O Codex Alimentarius não tem a função de avaliar a qualidade de produtos agrícolas de quaisquer dos seus países membros. Entretanto, é facilmente detectável o alto grau de qualidade dos produtos agrícolas brasileiros em razão do nível de conformidade com as regras internacionais, como aquelas do Codex Alimentarius. O Brasil tem uma larga experiência teórica e prática, equivalente aos países mais desenvolvidos do mundo, tanto no setor privado quanto no governamental, no exercício dos elementos básicos para a garantia da qualidade dos produtos agrícolas.

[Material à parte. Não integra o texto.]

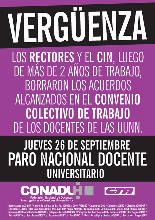 El próximoi jueves los docentes universitarios llevarán a cabo un paro nacional por 24 horas, en repudio al desconocimiento a los convenios colectivos de trabajo acordados oportunamente.

Dentre outros elementos, podemos mencionar: controle de contaminantes em alimentos, utilização de aditivos, higiene dos alimentos, sistemas de inspeção e certificação, controle de exportações e importações, rotulagem, métodos de análises laboratoriais e amostragem, nutrição, controle de produtos fitossanitários, controle de medicamentos veterinários, etc.

Há excesso de resíduo de agrotóxico nos alimentos produzidos no Brasil?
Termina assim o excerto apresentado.